We obtain $A\cap B^{\prime _{w_{\alpha _{1}\alpha _{2}\ldots \alpha _{\delta }}}} =A\cap (\bigcap \limits _{b\in B}(\bigcup \limits _{j=1}^{\delta } b^{\prime _{w_{\alpha _{j}}}}))=A\cap (\bigcap \limits _{i=1 }^{t}(\bigcup \limits _{j=1}^{\delta } b_{l_{i}}^{\prime _{w_{\alpha _{j}}}})) =\bigcap \limits _{b\in B}(\bigcup \limits _{j=1}^{\delta }([a]_{R_{\alpha _{j}}}\cap A)_{b})$ since Lemma 7(2) implies $B^{\prime _{w_{\alpha _{1}\alpha _{2}\ldots \alpha _{\delta }}}}=\bigcap \limits _{b\in B}(\bigcup \limits _{j=1}^{\delta } b^{\prime _{w_{\alpha _{j}}}})$. Thus, $\bigcup \limits _{j=1}^{\delta }w_{\alpha _{j}}\subseteq C$ holds since $w_{\alpha _{j}}\in C (j=1,2,\ldots ,\delta )$. Hence, in 2^U × 2^V × 2^W, the first coordinate of $\underline {APr}(A,B,C)$ is $A\cap B^{\prime _{w_{\alpha _{1}\alpha _{2}{\ldots } \alpha _{\delta }}}}$. Moreover, we obtain that $\underline {APr}(A,B,C)\cap (U,V,\emptyset )=(A\cap B^{\prime _{w_{\alpha _{1}\alpha _{2}{\ldots } \alpha _{\delta }}}},B,\emptyset )$ holds according to Definition 13(4) and $B\subseteq V$.

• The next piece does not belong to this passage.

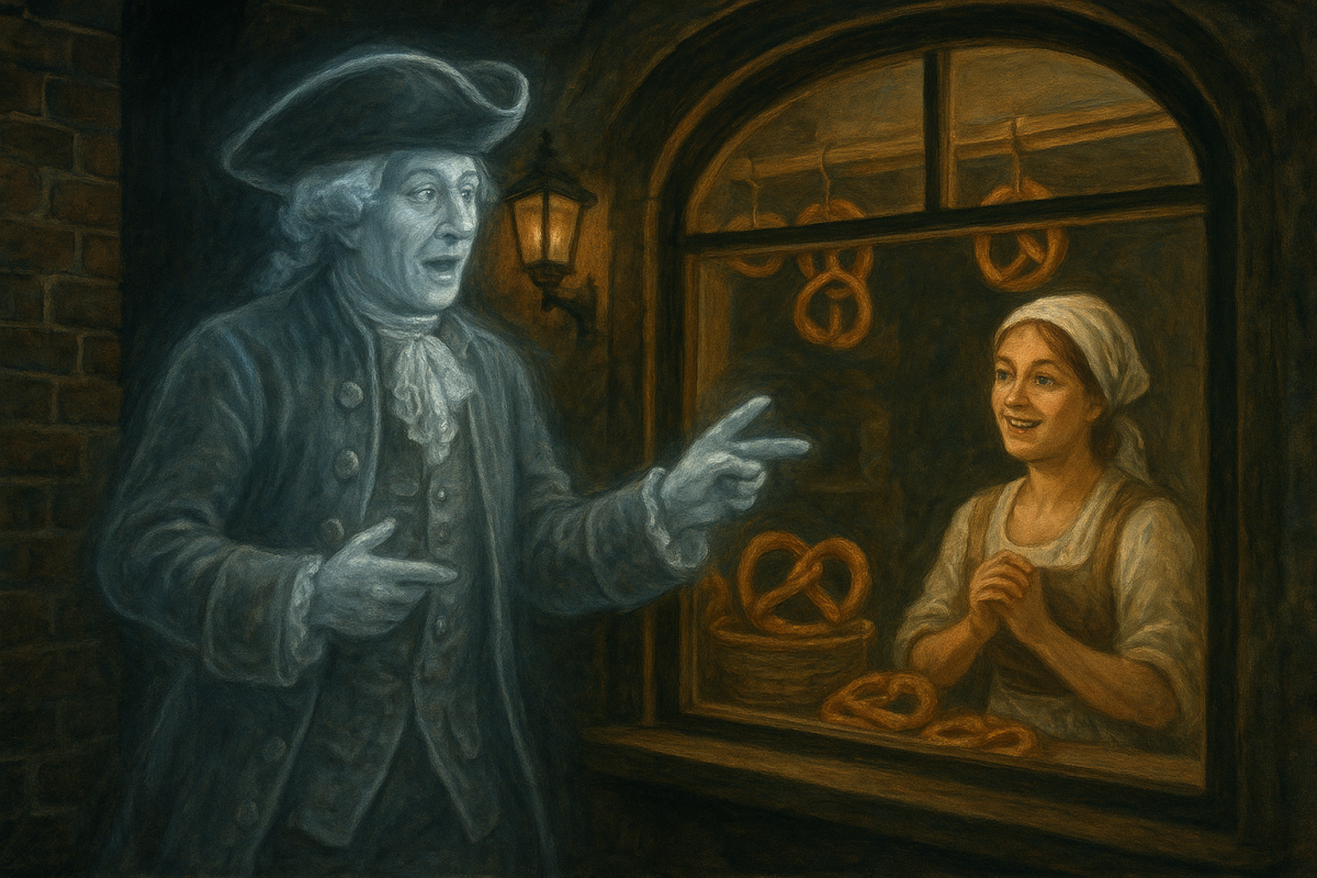 Le fantôme du baron Ludwig von Sinclair, seigneur d'Oberbronn de 1710 à 1738, décide de sortir de son village. Happé par le tourbillon de la vie moderne il se réfugie à la Fabrique à Bretzels, où il découvre l'histoire de la bretzel, qu'il agrémente de commentaires bien à lui.

Using item (1) and Low(A,B,C)≠∅, we know that Upr(A,B,C)≠∅. Similarly to the above, using Definition 13(6), we obtain the first coordinate of $\overline {APr}(A,B,C)$ in 2^U × 2^V × 2^W is $A\cup B^{\prime _{w_{\alpha _{1}\alpha _{2}{\ldots } \alpha _{\delta }}}}$. Moreover, we obtain

$\quad \quad \overline {APr}(A,B,C)\cap (U,\emptyset ,\emptyset )=(A\cup B^{w_{\alpha _{1}\alpha _{2}\ldots \alpha _{\delta }}},\emptyset ,\emptyset )$.

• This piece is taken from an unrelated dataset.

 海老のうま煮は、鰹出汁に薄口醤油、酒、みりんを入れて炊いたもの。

The proof of item (4) is as follows:

If Low(A,B,C) = ∅, then Upr(A,B,C) = ∅ holds by item (1). Combining items (3) and (5) in Definition 13, we know that $\underline {APr}(A,B,C)=(\emptyset ,V,\emptyset )$ and $\overline {APr}(A,B,C)=(U,\emptyset ,W)$. The given $\underline {APr}(A,B,C)=\overline {APr}(A,B,C)$ implies (∅,V,∅) = (U,∅,W). Therefore, U = V = W = ∅ follows. This result contradicts the suppositions of U≠∅,V ≠∅ and W≠∅. Hence, we confirm Low(A,B,C)≠∅. We also confirm Upr(A,B,C)≠∅ by item (1).

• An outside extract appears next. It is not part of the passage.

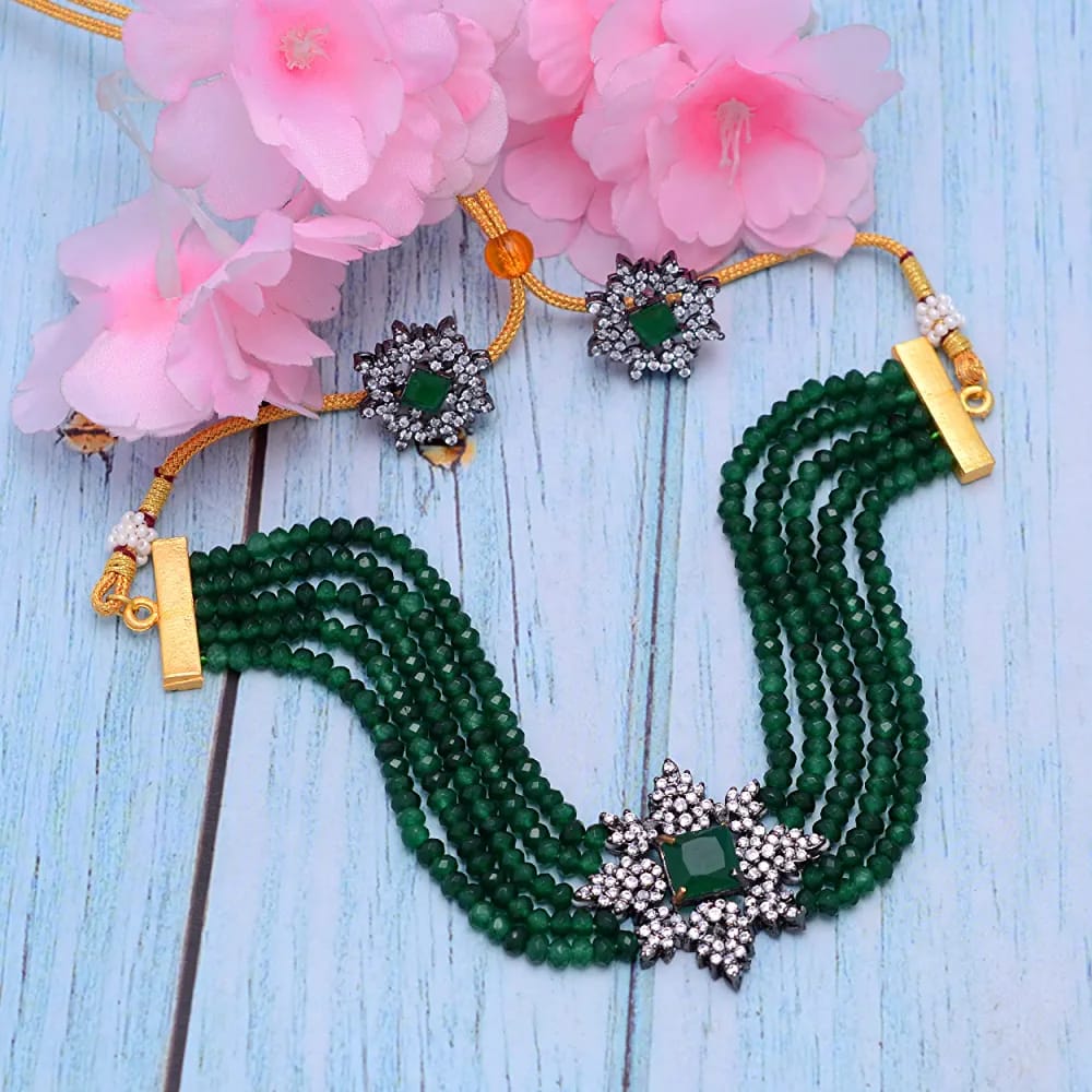 Gold Plated Stones Studded & Beaded Jewellery Set

Considering Low(A,B,C)≠∅, item (3) and Definition 13 with Lemmas 7 and 8, we obtain $\underline {APr}(A,B,C)=(A\cap B^{\prime _{w_{\alpha _{1}\alpha _{2}{\ldots } \alpha _{\delta }}}}, B, \bigcup \limits _{j=1}^{\delta }w_{\alpha _{j}})$ and $\overline {APr}(A,B,C)=(A\cup B^{\prime _{w_{\alpha _{1}\alpha _{2}{\ldots } \alpha _{\delta }}}}, \bigcup \limits _{j=1}^{t} b_{l_{j}}, \bigcup \limits _{j=1}^{\delta } w_{\alpha _{j}})$. Therefore, $\underline {APr}(A,B,C)=\overline {APr}(A,B,C)$ implies $A\cap B^{\prime _{w_{\alpha _{1}\alpha _{2}{\ldots } \alpha _{\delta }}}}=A\cup B^{\prime _{w_{\alpha _{1}\alpha _{2}{\ldots } \alpha _{\delta }}}}$ and $ B=\bigcup \limits _{j=1}^{t} b_{l_{j}}$.

On the one hand, $\underline {APr}(A,B,C)=(A,B,C)$ implies $A\cap B^{\prime _{w_{\alpha _{1}\alpha _{2}{\ldots } \alpha _{\delta }}}} =A$, and so $A\subseteq B^{\prime _{w_{\alpha _{1}\alpha _{2}{\ldots } \alpha _{\delta }}}}$. On the other hand, $\overline {APr}(A,B,C)=(A,B,C)$ implies $A\cup B^{\prime _{w_{\alpha _{1}\alpha _{2}\ldots \alpha _{\delta }}}}=A$, and so $B^{\prime _{w_{\alpha _{1}\alpha _{2}{\ldots } \alpha _{\delta }}}}\subseteq A$. Hence, $A=B^{\prime _{w_{\alpha _{1}\alpha _{2}{\ldots } \alpha _{\delta }}}}$ holds.

$\overline {APr}(A,B,C)=(A,B,C)$ also implies $C=\bigcup \limits _{j=1}^{\delta } w_{\alpha _{j}}$, so δ = |C| holds. Using Definition 2(2) and Remark 2, we confirm $(A,B)\in {\mathscr{B}}(\mathbb {K}_{\alpha _{1}\alpha _{2}{\ldots } \alpha _{\delta }})$.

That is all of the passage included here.